While the `robots.txt` file helps communicate your site's crawling preferences, runtime protections like Launch Edge Functions offer more reliable control, especially in an AI-driven environment where bot behavior is increasingly unpredictable.

## Common questions

### Do robots always follow `robots.txt`?
No.

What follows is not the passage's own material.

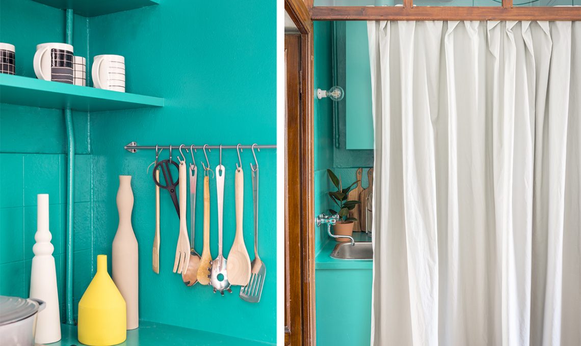Un colore forte e di carattere steso su ogni cosa (inclusi tubi e fili elettrici!) ha trasformato una cucina vecchia e un po’ triste in un angolo vivace e pieno di fascino!

Some bots may ignore the `robots.txt` file and continue crawling your site.

### What should I use if I need strict blocking?
To strictly block AI crawlers, you can enforce the restriction at the edge using Launch Edge Functions.

### Can I block all crawlers (not just AI crawlers) for a domain?
Yes. If you want to **disallow all web crawlers**, including non-AI crawlers, for **a specific domain**, you can add the **X-Robots-Tag header** (for example, `"noindex, nofollow"`) to your responses.

### How do I keep the edge function bot list effective over time?
Regularly update the list of known AI crawler User-Agents and review server logs and User-Agent headers periodically to refine detection and blocking rules.